What to work on -> Write out the listing exactly, from its first line through the line holding "11月27日讯 英超第13轮", but include none of the pictures.

Given information ->
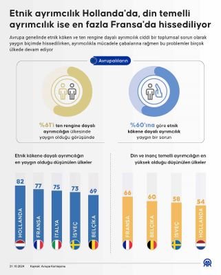 Avrupa ülkeleri arasında etnik kökene dayalı ayrımcılığın en çok hissedildiği ülkeler yüzde 82 ile Hollanda, yüzde 77 ile Fransa, yüzde 75 ile İtalya, yüzde 73 ile İsveç ve yüzde 69 ile Belçika olarak öne çıkıyor.
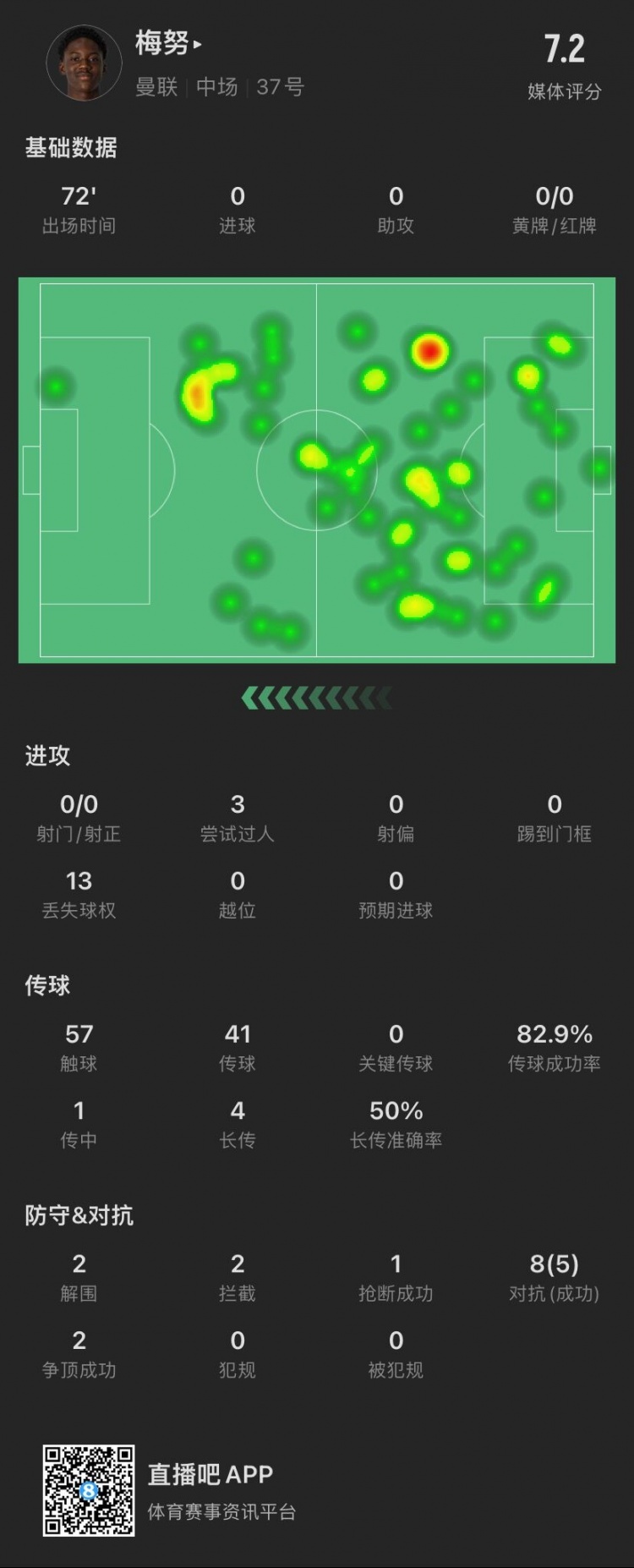 11月27日讯 英超第13轮,曼联客战埃弗顿的比赛正在进行。本场比赛,18岁的梅努迎来个人首次英超首发,发挥惊艳,并在第72分钟被换下场。梅努本场数据↓出场时间:71
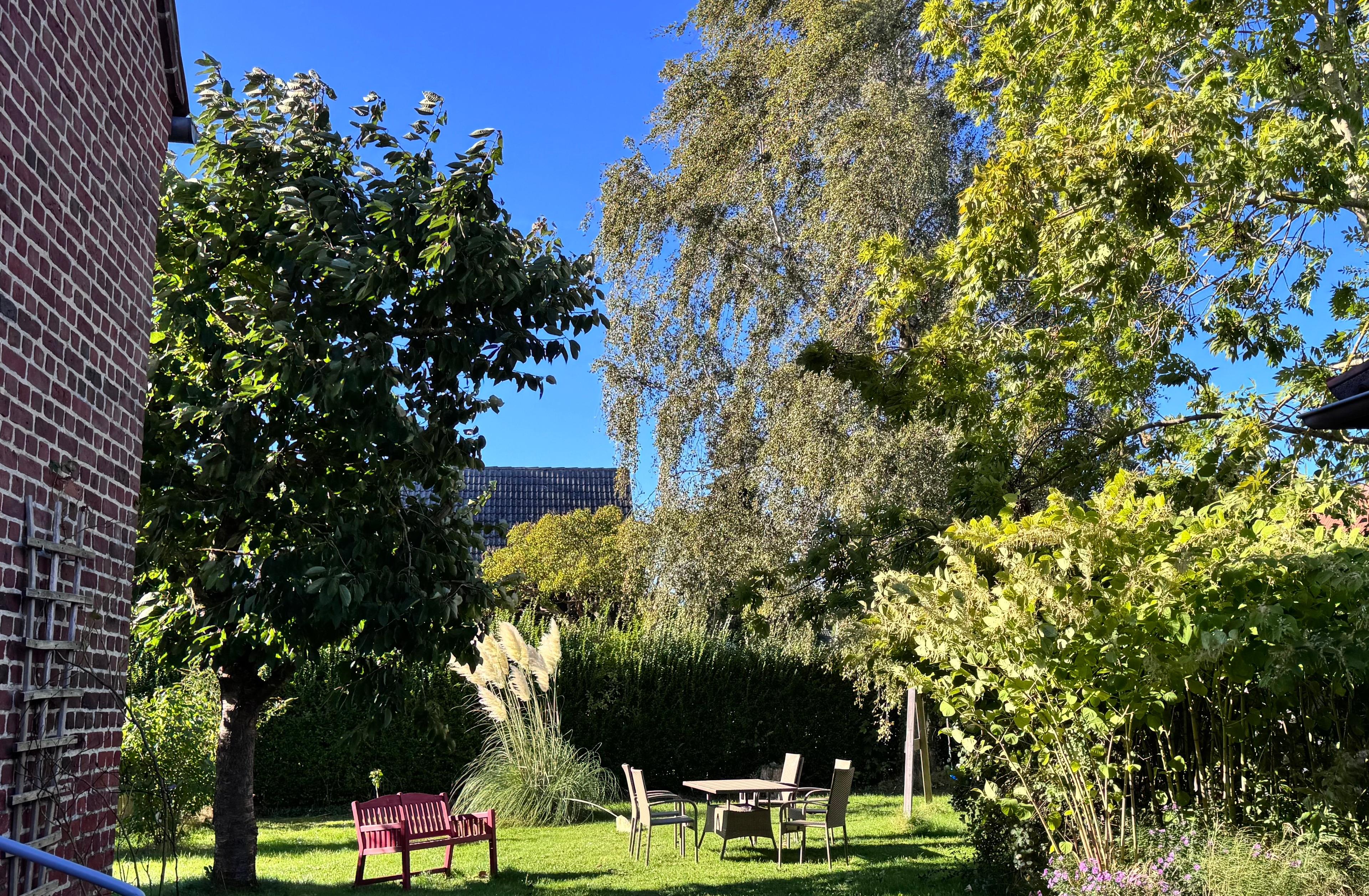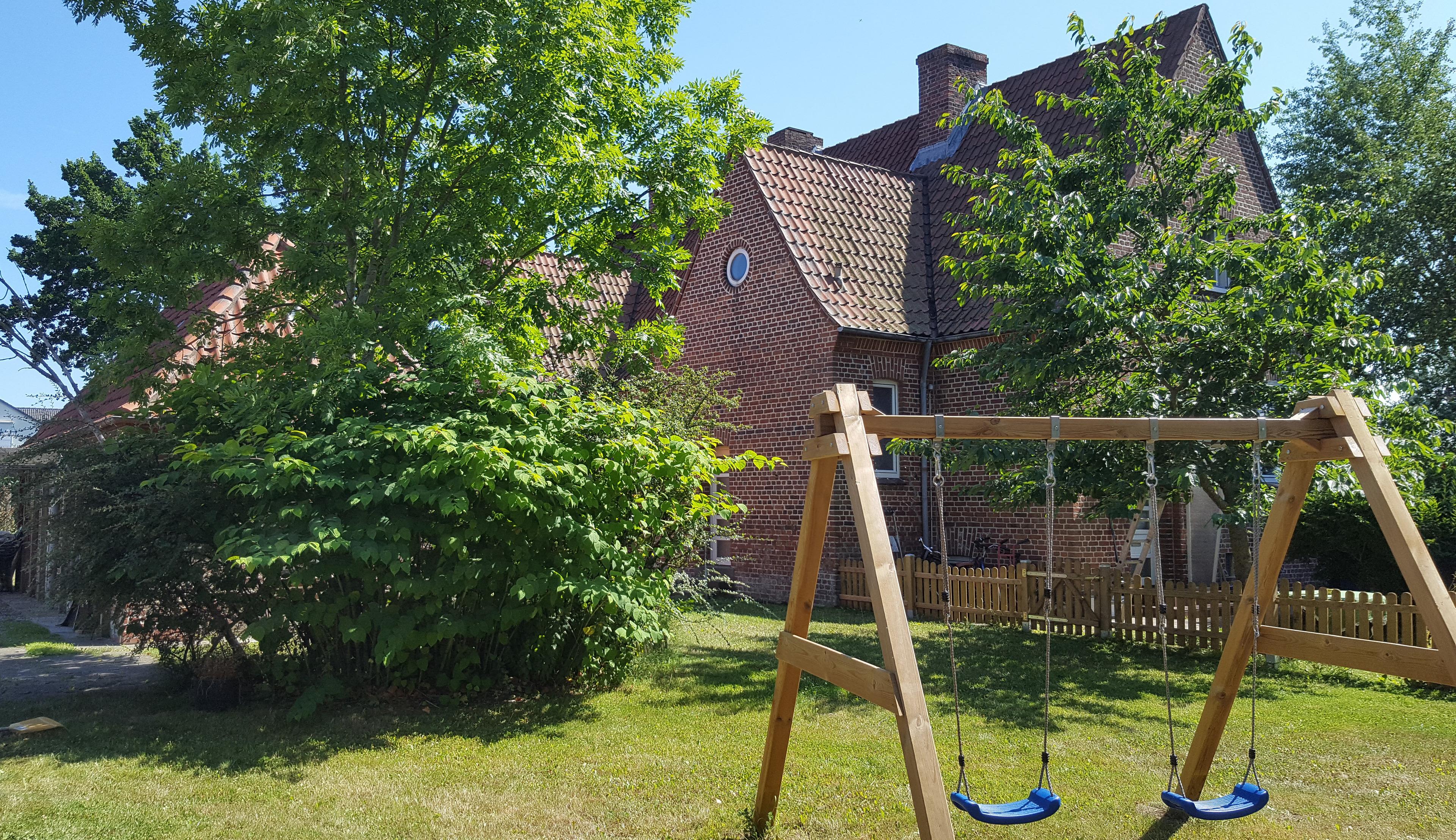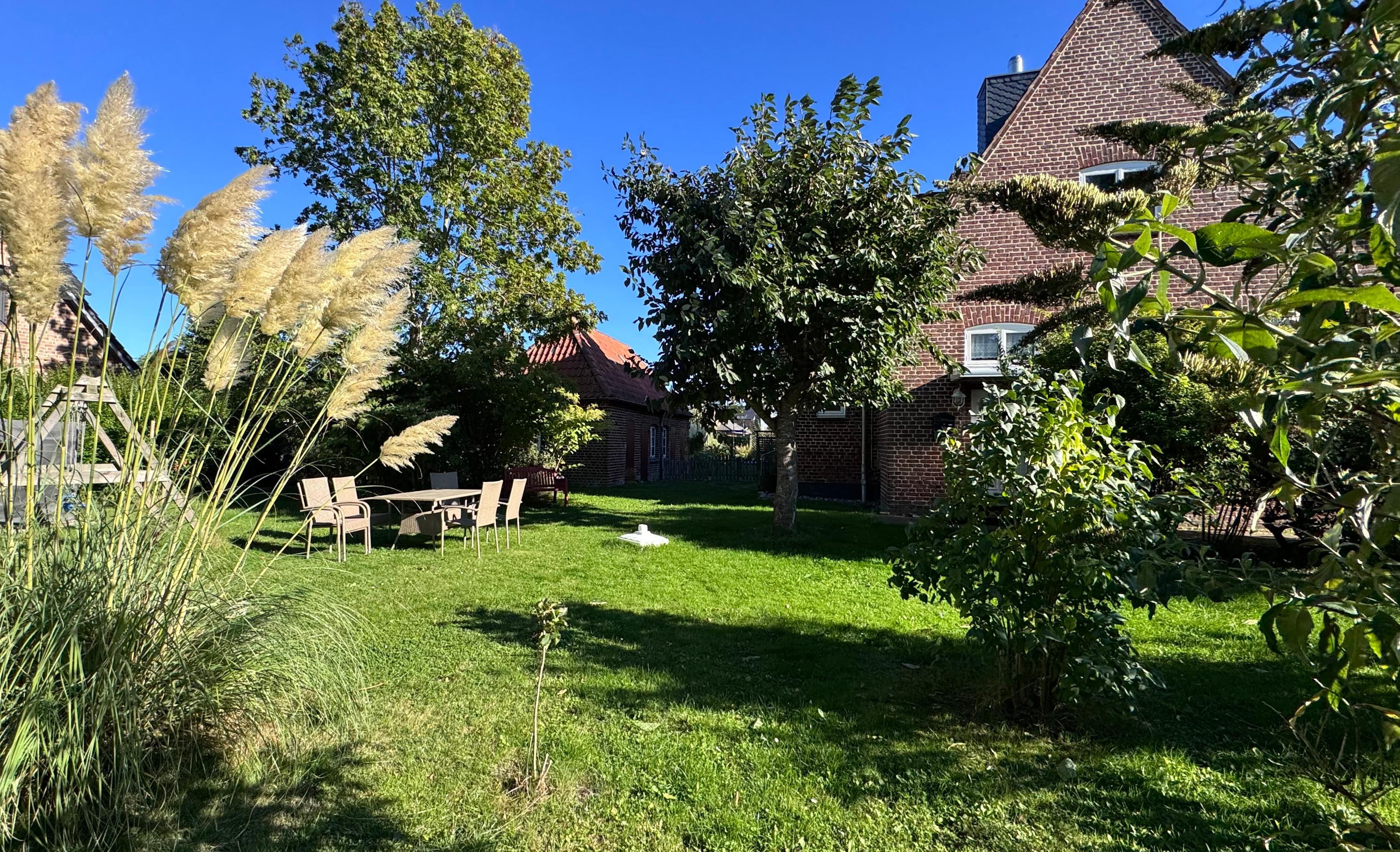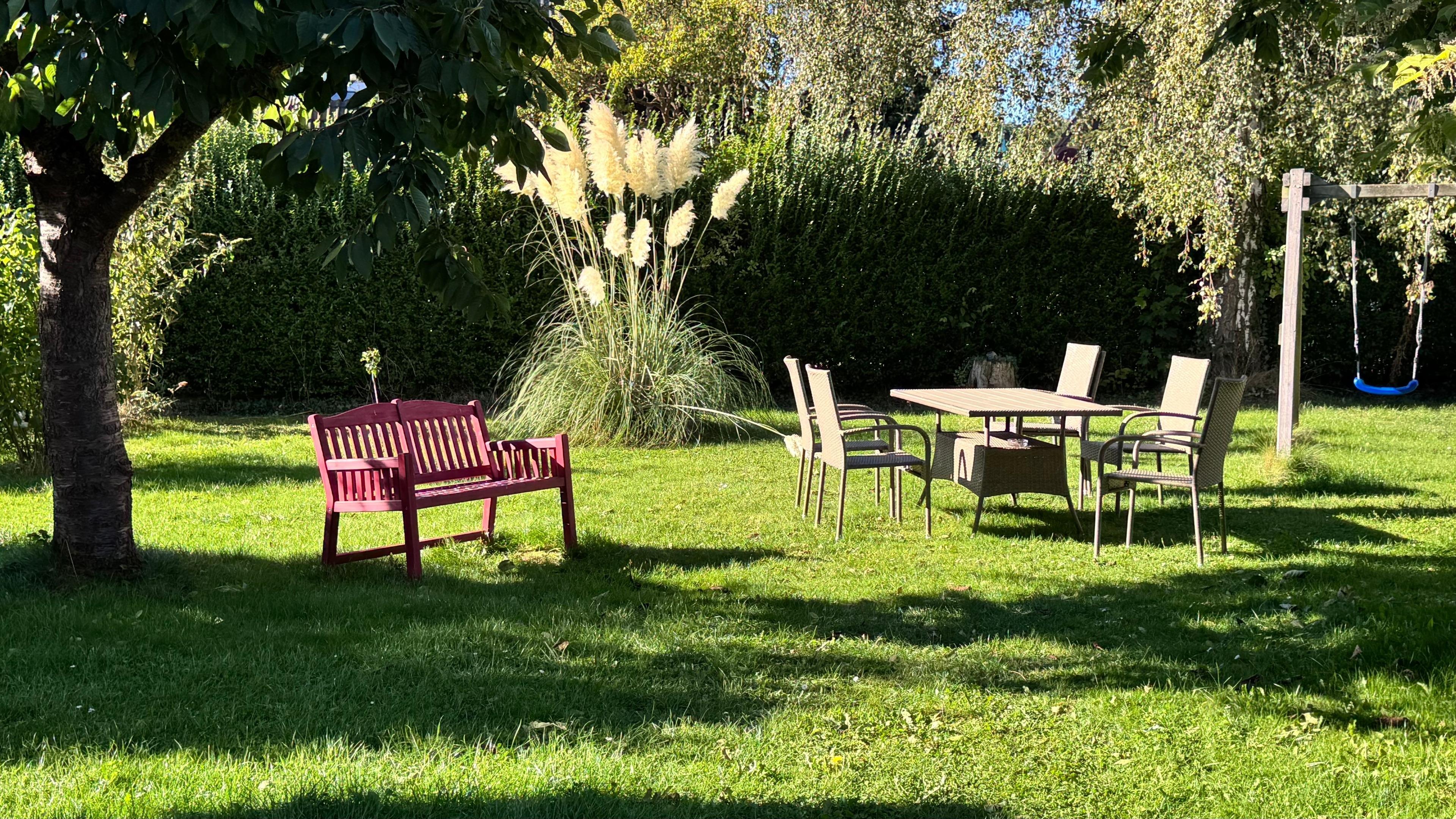 Der 700 qm große eingezäunte Garten steht zur Alleinnutzung zur Verfügung. Er bietet Sitzplätze, Tische mit bequemen Gartenstühlen, Grill, Sonnenschirm, Liegen, Strandkorb und eine Doppelschaukel für die Kinder.

Task output ->
 Avrupa ülkeleri arasında etnik kökene dayalı ayrımcılığın en çok hissedildiği ülkeler yüzde 82 ile Hollanda, yüzde 77 ile Fransa, yüzde 75 ile İtalya, yüzde 73 ile İsveç ve yüzde 69 ile Belçika olarak öne çıkıyor.
 11月27日讯 英超第13轮,曼联客战埃弗顿的比赛正在进行。本场比赛,18岁的梅努迎来个人首次英超首发,发挥惊艳,并在第72分钟被换下场。梅努本场数据↓出场时间:71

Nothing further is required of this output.